§ **AIM OF THE TASK**: The answer must be an exact copy of the lines from the one containing "きれいに並べられたニラの下に" through the last line of the records, with the pictures left out.

§ **DATA PROVIDED**:
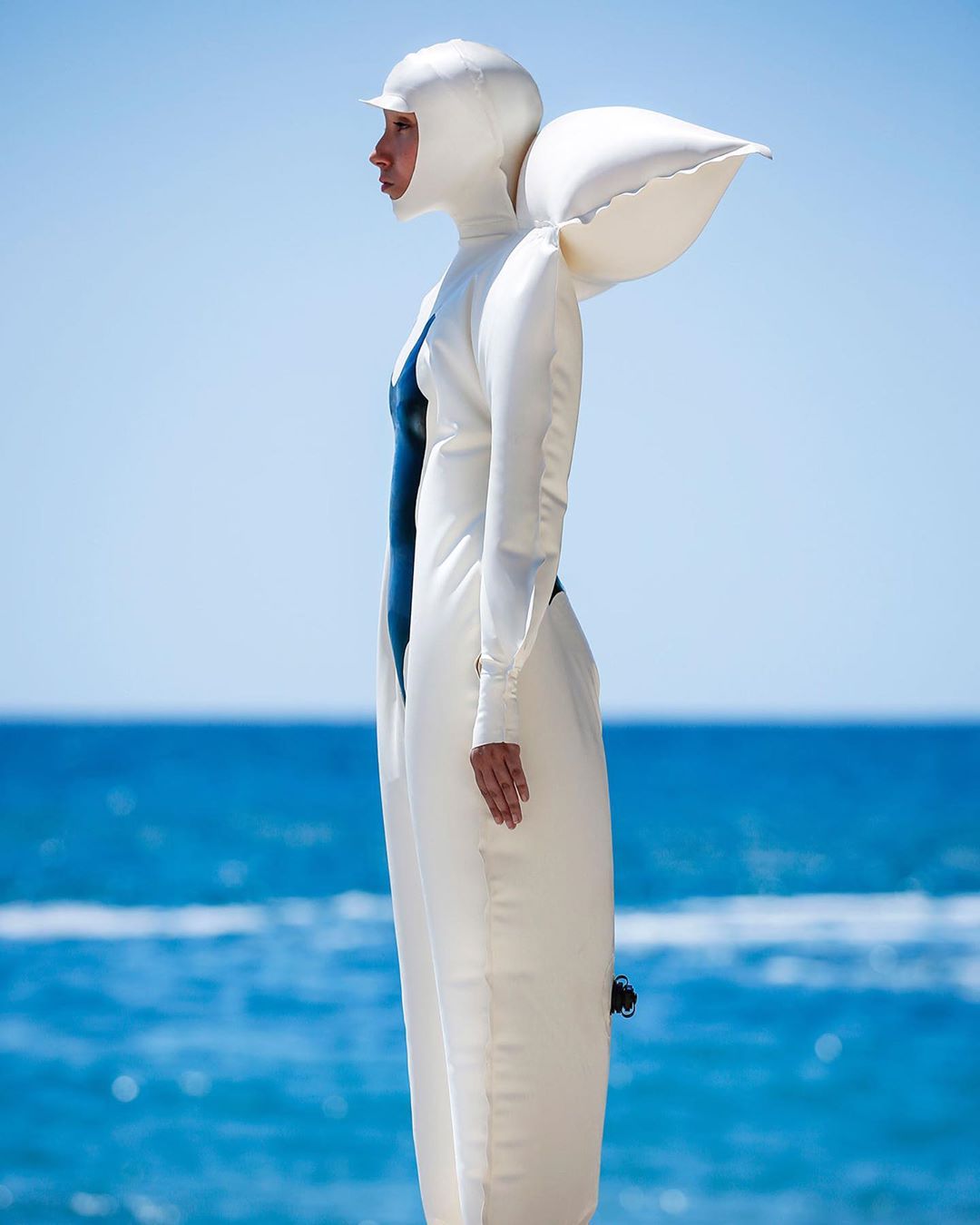 ▼這款名為「FLOATING ABOVE LIMITS」,純白色的泳裝加上全身充氣囊,讓你可以隨心所欲地在大海中飄浮!
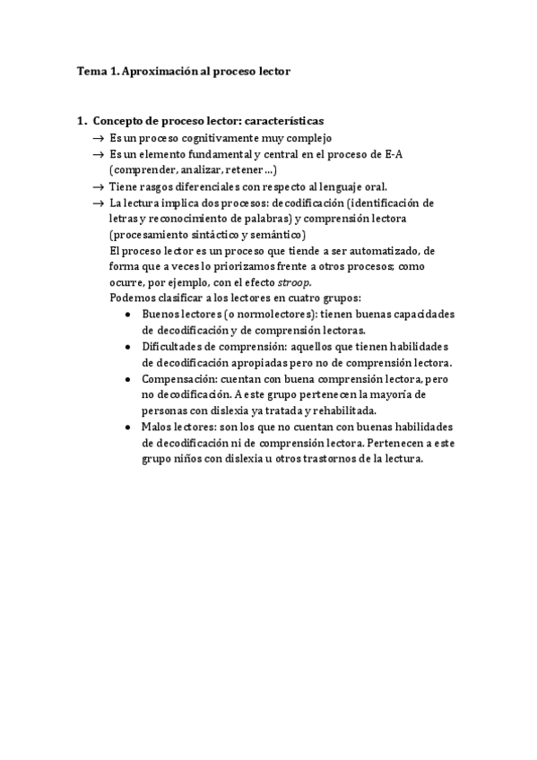 He publicado nuevos apuntes de 4º Tratamientos Psicoeducativos de Los Trastornos de la Lengua Escrita y El Cálculo: Resumen Bloque 1. Lectura.pdf
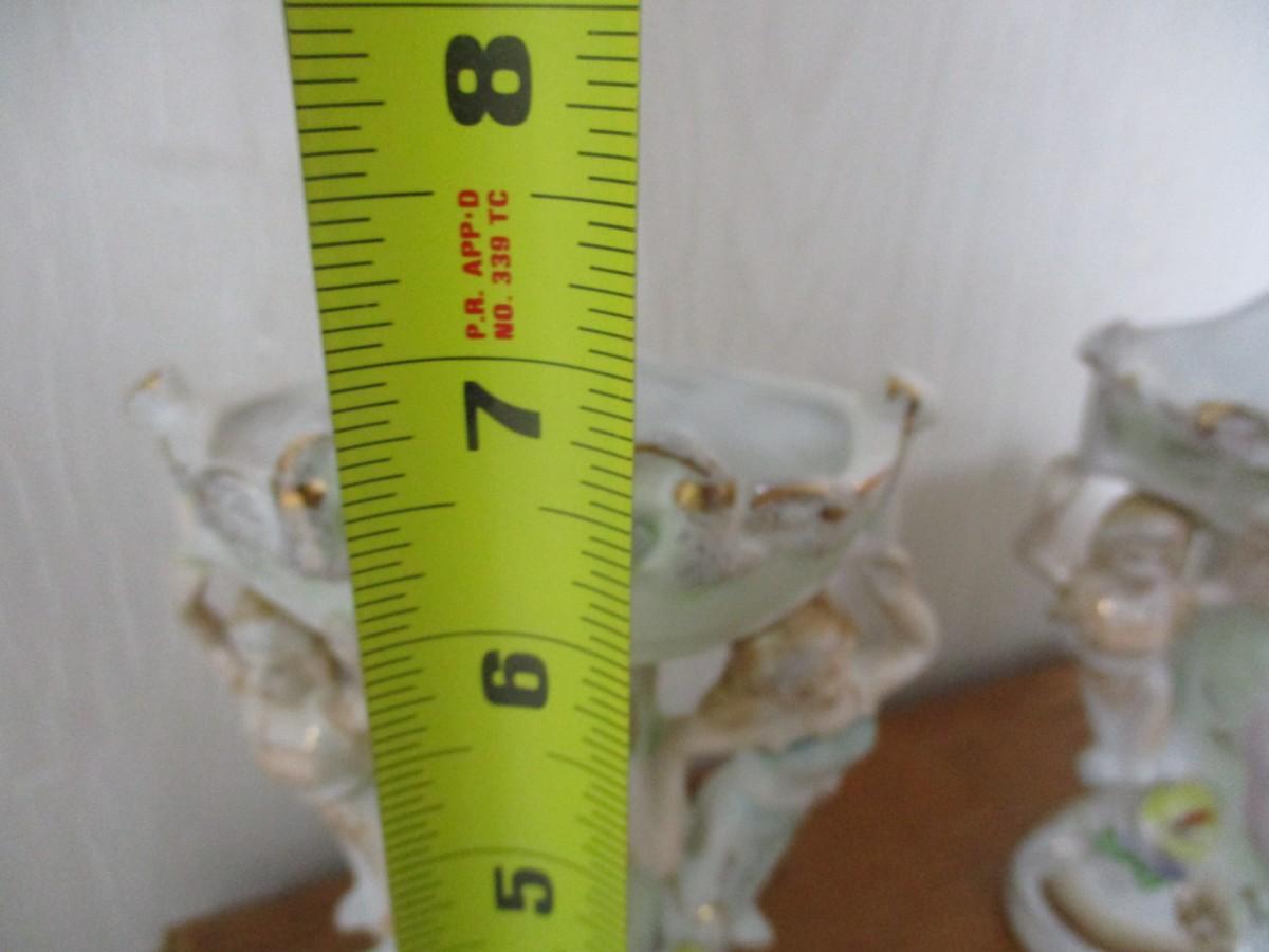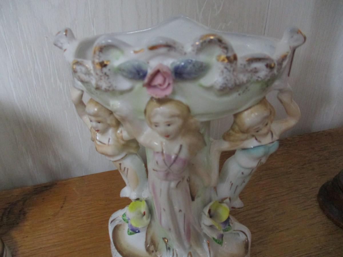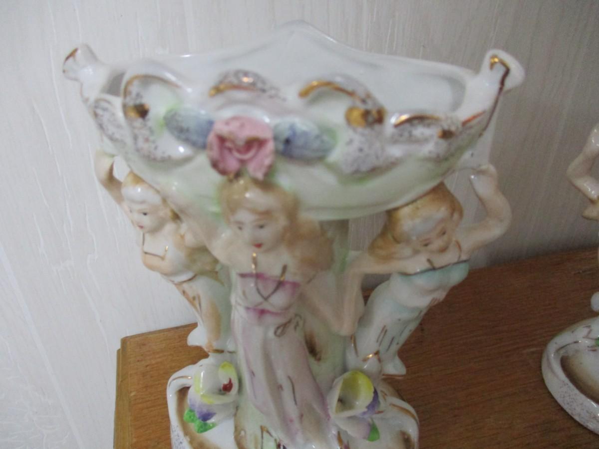 Pair of Vintage Floral Three Ladies Ceramic Vases - H
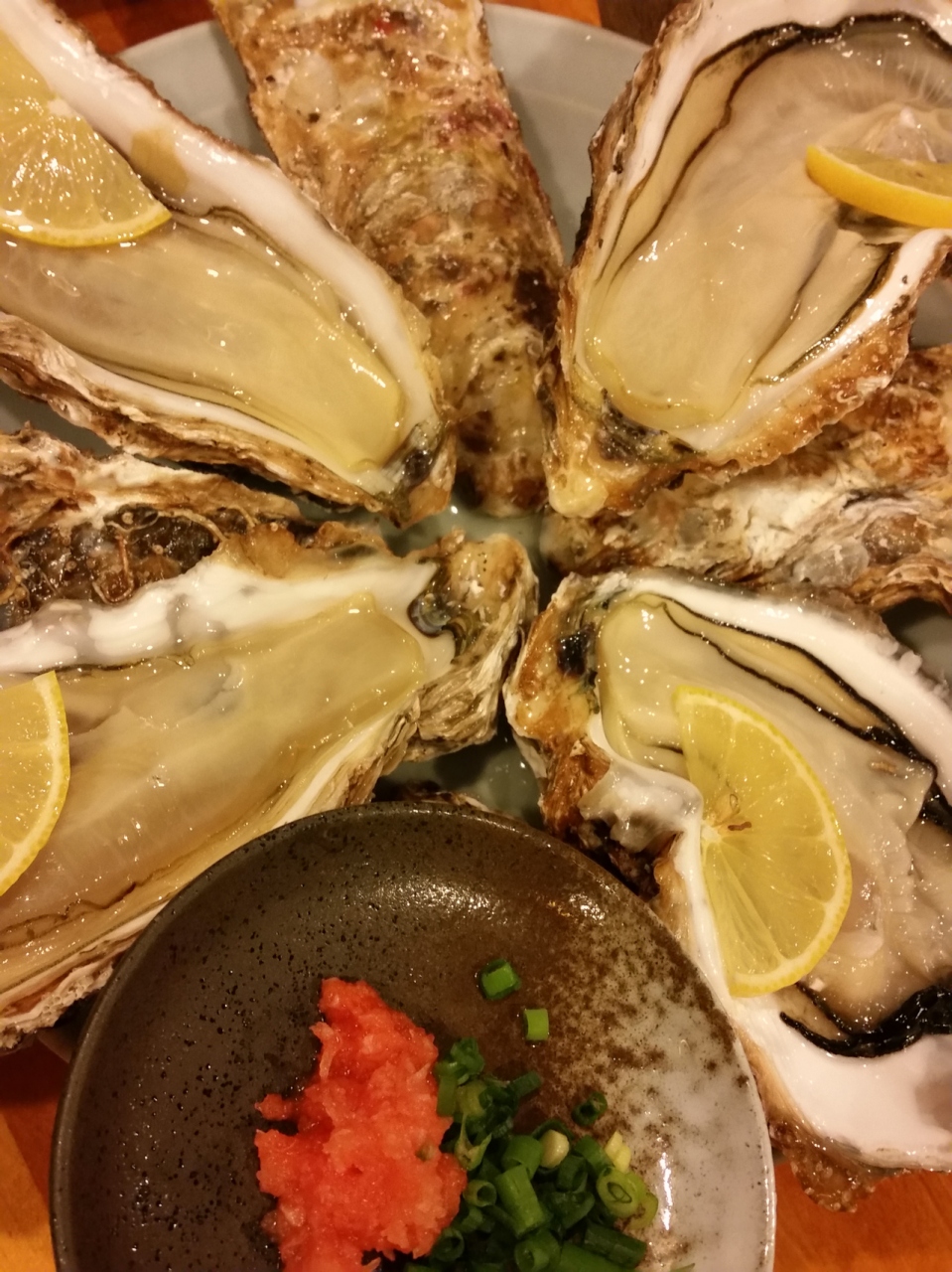 きれいに並べられたニラの下にたくさんのもつ?と思っていたのにもつも少な目(T-T)味も特筆するほどのことはなく、店内も狭く落ち着かず。本日のお勧めと言われた生牡蠣も大きいだけで生臭くイマイチでした(そして高い)
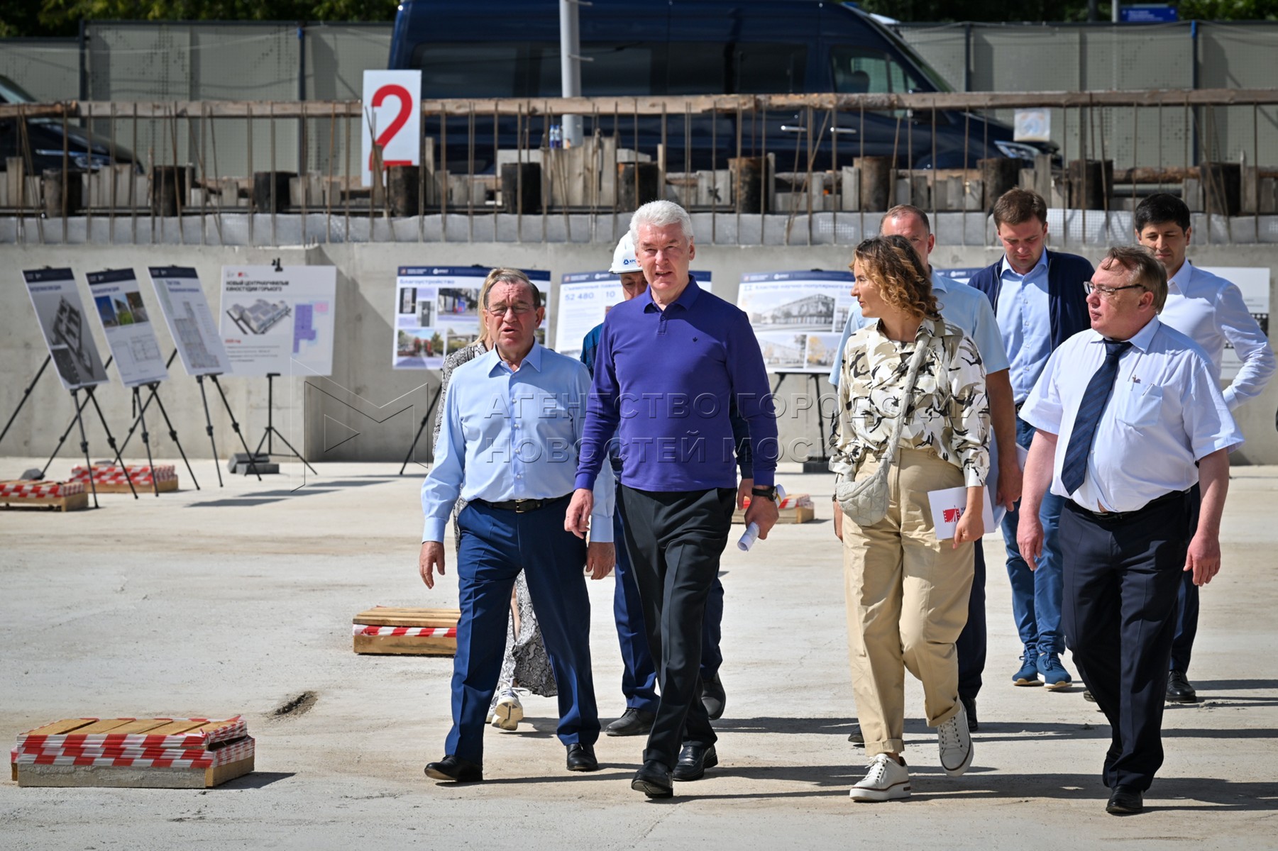 Мэр Москвы Сергей Собянин (в центре) осмотрел ход работ по строительству новых и ...

§ **WRITTEN RESPONSE**:
 きれいに並べられたニラの下にたくさんのもつ?と思っていたのにもつも少な目(T-T)味も特筆するほどのことはなく、店内も狭く落ち着かず。本日のお勧めと言われた生牡蠣も大きいだけで生臭くイマイチでした(そして高い)
 Мэр Москвы Сергей Собянин (в центре) осмотрел ход работ по строительству новых и ...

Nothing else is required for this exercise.